An Interesting Tale of Rejection

Are you a writer who is bothered by learning of the rejection of some piece of writing you submitted somewhere? You may have seen the following at least a few, if not many, times:

Dear author,

We have read your submission and unfortunately your story isn’t quite what we’re looking for right now. While we regretfully cannot provide detailed feedback due to the volume of submissions, we thank you for your interest in our magazine and hope you continue to consider us in the future.

This is an actual message I got from a magazine that publishes stories in the horror genre and there’s nothing unusual about it – until you actually read the “story” I submitted to them. So here we go:

Hi, Ernest here – writer, editor, and reviewer. I came across your magazine and like the feel of it. I wanted to ask whether your length requirement (2000 to 6000 words) for stories is carved in stone or do you sometimes consider shorter stories say 1000 to 1500 words?

best,

Now you can see the whole story – or lack of it. I never submitted a story to the magazine; just asked if they were flexible with their length of submissions to their magazine. Obviously they didn’t read the email and sent me what appears to be a stock reply of rejection – which made me wonder whether they would have read the story had I submitted one instead of a query about length requirements.

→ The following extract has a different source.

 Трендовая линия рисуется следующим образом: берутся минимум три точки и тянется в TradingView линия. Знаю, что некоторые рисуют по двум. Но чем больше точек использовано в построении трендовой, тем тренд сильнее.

Since I have no intentions of hurting the magazine’s reputation or damage it (I love publications for giving us writers a platform to present our creative/artistic talent), the name of the magazine is excluded from this post. The point made here concerns the ethics of publishing. How many of these publishers don’t actually bother to read what is sent their way and just hand writers a pre-written rejection note with a single click of a button?

It’ll be interesting to see if the advertisement department of such publications also skip reading messages and lose potential clients. I doubt that they do. Maybe it’s time to find out by taking a moment to send them a test advertisement query.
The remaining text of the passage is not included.